By the end of March, China had approved 716,578 foreign-invested companies and used $1.08 trillion of FDI.
FDI in China increased 17.4 percent year-on-year in 2010, registering a total of $105.74 billion.
Outbound direct investment rises
China's outbound direct investment stood at $8.51 billion in the first quarter, up 13.2 percent year-on-year, bringing China's cumulative outbound non-financial direct investment to $267.3 billion by the end of March, Yao said.
China's outbound direct investment rose 150 percent both in Australia and the European Union in the first quarter, Yao said.
About $1.2 billion, or 14.1 percent of the total outbound direct investment, was channeled into company mergers, mostly in the manufacturing sector, in the first quarter, Yao said.
China's contracted projects overseas reported $16.98 billion in business revenue in the first quarter, up 2.9 percent year-on-year and new contract value stood at $30.95 billion in the first quarter, up 16.7 percent year-on-year.
Contracted business projects declined in the Middle East and northern Africa due to unrest there, Yao said.
China sent about 93,000 laborers overseas in the first quarter, about 10,000 more than the same period last year.

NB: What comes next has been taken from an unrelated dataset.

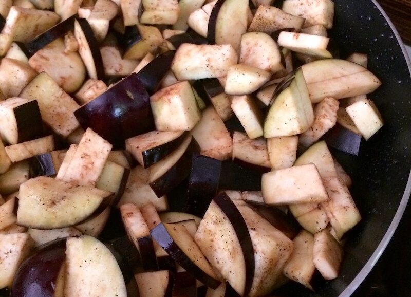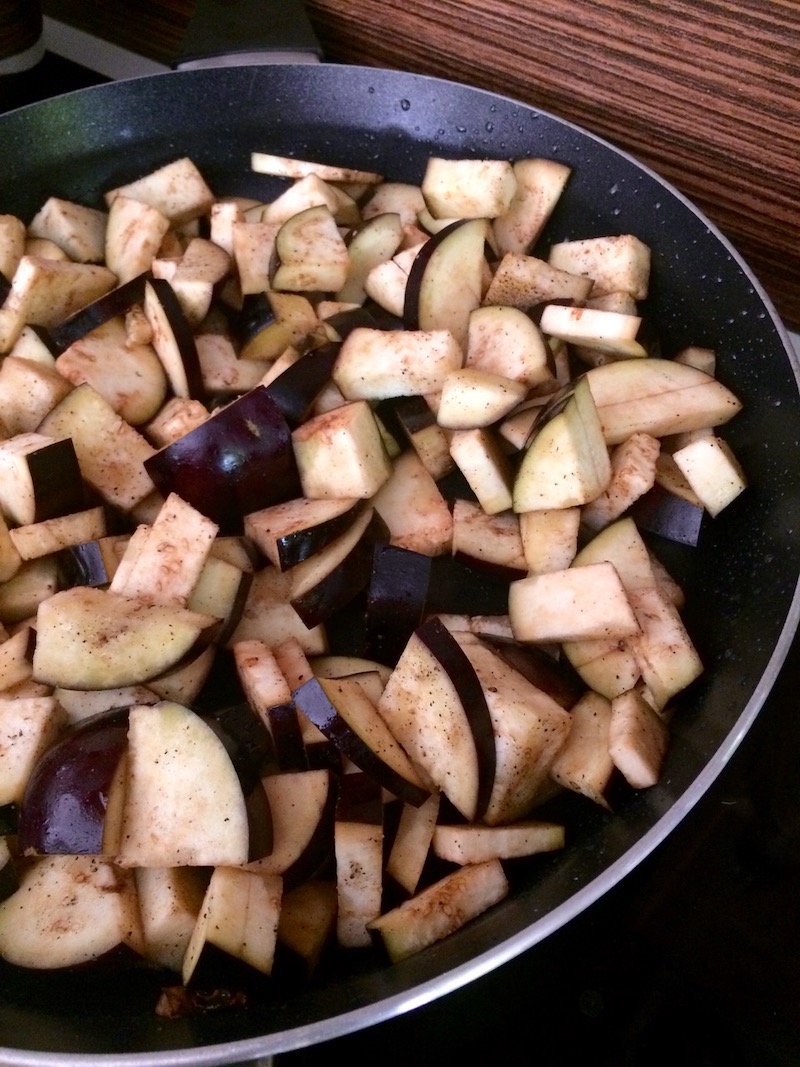 Vinetele, dovleceii si cartofii se taie cubulete si se prajesc pe rand in ulei incins. Este important ca uleiul sa fie bine incins, pentru ca legumele sa nu absoarba prea mult ulei. Se prajesc pana devin usor rumenite, apoi se adauga in tava, peste celelalte legume.

About 769,000 Chinese laborers were stationed overseas during the period, nearly 90,000 less than the same period last year, Yao said, adding that the number of Chinese laborers in Africa dropped by about 24,000 year on year to 173,000 at the end of March.
US trade barriers impairs bilateral trade
Yao said the United States had launched frequent trade remedies against Chinese products and these measures had impaired bilateral trade growth.

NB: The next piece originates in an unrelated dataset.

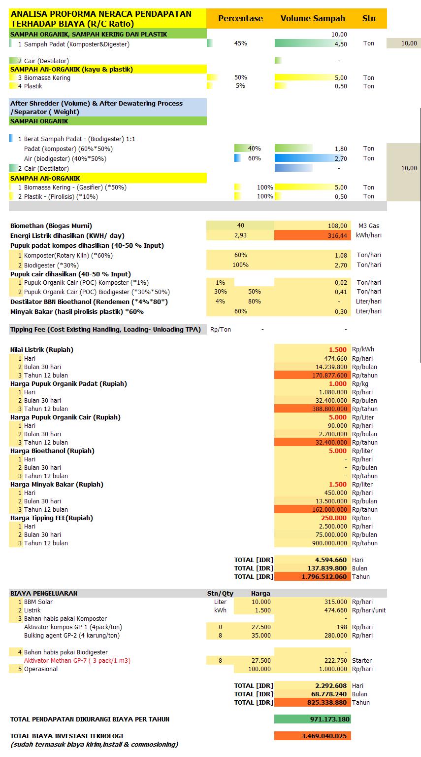 Perolehan konversi dari sampah domestik TPST ME 10 T meliputi kompos ( bagian terbesar), biogas ( yang kemudian dijadikan bahan bakar energi pembangkit listrik), dan minyak bakar (heavy oil) sebagai pencampur BBM genset listrik. Memerlukan luas lahan mulai 350 m2. Pada penggunaan oleh peminat bisnis kecil yang memberikan jasa pengolahan sampah kepada kawasan komersial maupun pemerintah, pada besaran tiping fee Rp 250.000/ ton, TPST ME 10 T sudah memiliki kelayakan ekonomi, memenuhi syarat buangan emisi (lingkungan) maupun layak sosial ( bebas bau, tanpa ada bising dan cemaran merugikan lingkungan sekitar).

The United States took China's trade surplus as a reason to put up trade barriers, but China had reiterated many times that Sino-US trade is not only about goods trade, but also service trade, Yao said.
China currently had a trade deficit of $10 billion in service trade with the United States, Yao said.
During the 11th Five-Year Plan period (2006-2010), China's service trade topped $362.42 billion, $170.25 billion in exports and $192.17 billion in imports, with an annual growth of 18.2 percent.
The United States has been imposing barriers on high-tech exports to China, with the US exporting more advanced high-tech products to India than to China, Yao said.
China's exports suffered 66 anti-dumping, anti-subsidy and safeguard measure probes last year, involving $7.14 billion, according to the MOC in a report on the trade and investment environment for several of China's major trade partners.